The Shulchan Aruch (H”M, 418:13) rules like the Chachamim (Bava Kamma 62), that one who burns a fire is not liable for embedded items (tamun). As the braisa details, this is only true if the fire was lit in one’s own property, and then spread to someone else’s. A fire lit in someone else’s property obligates the burner in the damages for embedded objects. This is due to the fact that the verse which excludes tamun is in the basic case of a fire described in the Torah – when a fire exited one’s property, and then damaged. However, liability for tamun in the case of a fire lit elsewhere is only for items normally embedded – and for which the burner should have considered may be burned. Therefore, in a field, he is only liable for farm implements, whereas in a house, he is liable for all items.

Which Cases?

The Gemora earlier in B”K (22-23), in the topic of whether a fire causes liability as the burner’s arrows or property, discussed the case of tamun. The Gemora stated that according to Rabbi Yochanan (whose opinion is the halachah), who holds that a fire is like the burner’s arrows, there seems to be no reason to exclude tamun: if a person shot an arrow, he’s liable for any damages, even on embedded items. Therefore, the Gemora states that Rabbi Yochanan only excludes liability for tamun when kalu lo chitzav – the direct effect of the fire has stopped (e.g., by being blunted by a wall, which then collapsed). In that case, the liability is only for the property aspect of the fire, since he should have put up a firewall to stop it from spreading. Even though Rabbi Yochanan holds that a fire causes liability as an arrow of the burner, Rabbi Yochanan agrees that a fire can also cause liability as the burner’s property, and would be considered so if the burner could have stopped the fire and didn’t. Therefore, the Shulchan Aruch rules that the exclusion of tamun only applies to a fire which was blunted by a wall.

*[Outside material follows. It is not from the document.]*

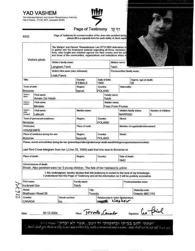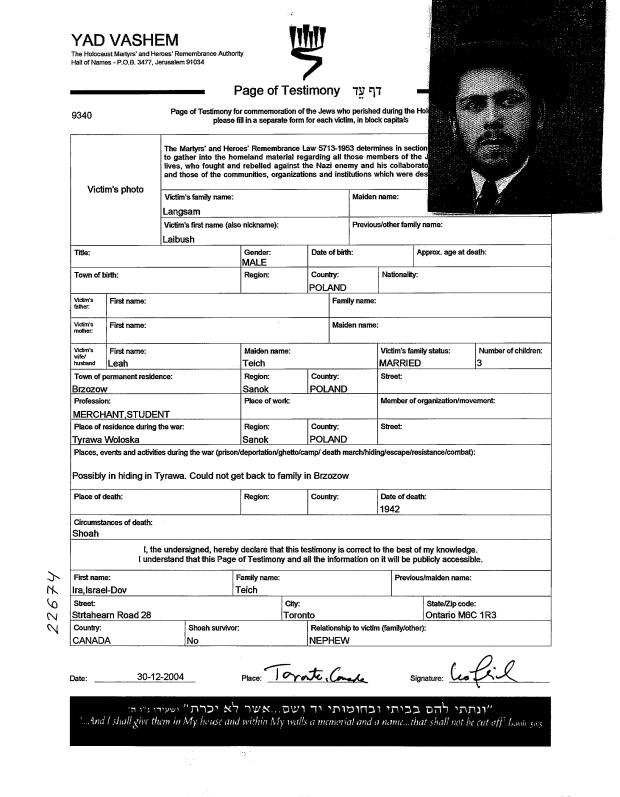 =========================================================== Subject: 28-Leah Teich to Joel Teich Letter to translate 8.pdf From: moishe.miller@totalben.com Date: Wed, Nov 09, 2016 8:52 pm To: "Ira Teich"28-Leah Teich to Joel Teich Letter to translate 8.pdf seems to show that Leibush was: - Moses Leib - born 1904 (22 December?) - to Meir (sp?) and Chayki (nickame for Chaya) nee Frankel Moishe Miller =========================================================== Subject: Re: Langsam, Leibush and wife Pessel (nee. Teich) From: Ira Teich Date: Wed, Nov 09, 2016 7:55 pm To: moishe.miller@totalben.com Yes I do. This record is wrong. Pesel was Leah's sister. Both were my aunts. It was Leah who was married to Leibush Langsam, not Pesel. Leah and Leibush were both killed in ww2. Pesel emigrated to Palestine in the 1930s. She contracted malaria there. Her brother, my father, Joel brought her to toronto for treatment in 1938. Sadly she was killed in a traffic accident in toronto in 1938 while crossing a street on her way to an oneg Shabbat. She is buried here in toronto. Ira Teich =========================================================== Subject: Langsam, Leibush and wife Pessel (nee. Teich) From: moishe.miller@totalben.com Date: Wed, Nov 09, 2016 7:49 pm To: "Ira Teich" Hi, Do you know them:
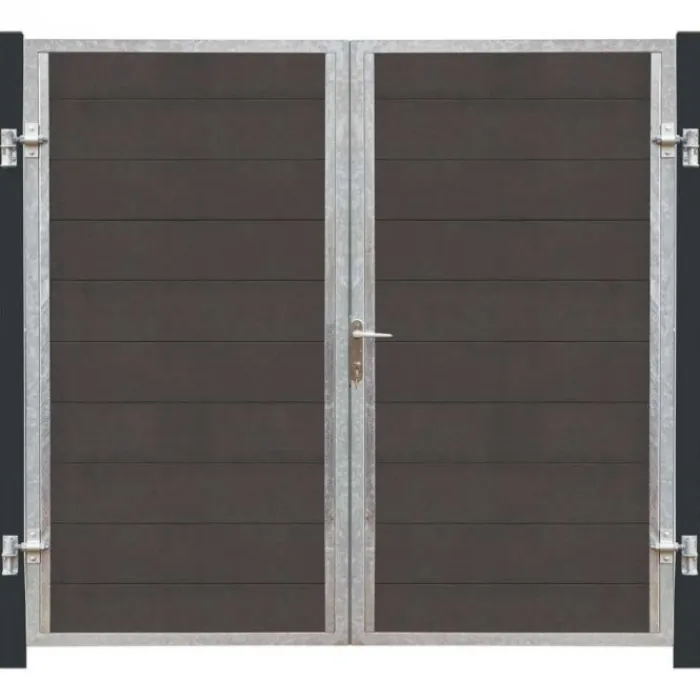 De antraciet kleurige dubbele tuindeur met stalen frame heeft lamellen gemaakt van composiet. De dubbele tuindeur is makkelijk schoon te maken. Het frame is gemaakt van thermisch verzinkt staal. De dubbele tuindeur heeft een afmeting van 99 x 180 cm. De zwart/grijze palen worden meegeleverd. Hierdoor komt je uit op een afmeting van 213 x 180 cm (2x 16 cm palen). De deur gaat naar rechts open.

The Gr”a (418:33), however, claims that this understanding of the Gemora on 23 is incorrect, and is not the way the Rambam and the Rif read it. Instead, the Gr”a says that when the Gemora clarified that Rabbi Yochanan agrees to a property aspect of a fire, the Gemora was reversing the limitation of tamun to kalu lo chitzav. The Gemora’s original question was how a person could be exempt for paying for tamun damages. The Gemora here states that a burner is liable for tamun when he lights the fire in the grain owner’s property. However, just as when someone fires an arrow, wherever it goes is considered his action, when someone lights a fire anywhere, wherever it goes should be considered his lighting, and therefore, all cases of tamun should be liable. The Gemora on 23 first answered that when the wall blunted the fire, it’s not an arrow anymore. However, the Gemora then reverses this, and states that a fire is different than an arrow, because a fire can be interrupted in mid flight. Therefore, the verse’s exclusion of tamun is only when the fault of the burner was simply not stopping the fire. The Gr”a therefore disputes the exception that the Shulchan Aruch places on the limitation of tamun, and instead holds that the burner of a fire is always not liable for tamun, as long as he lit the fire in his own property, and it spread elsewhere. [See Gra on B”K 23, note 1 for a different reading of the Gemora there.]

Grain coating

The Shitah quotes Rabbi Yehonosan who points out that we must explain that the case of a barley pile coated in wheat is a case where the field owner only allowed barley. If this would not be the case, there would be no reason to exempt him from paying for the wheat covering, which he allowed and saw. If so, the need for this case – even though we already learned the case of bringing a full wheat pile when only allowed to bring in barley – is to teach us that if the owner only allowed barley, he is not even obligated in the small difference that a wheat covering adds.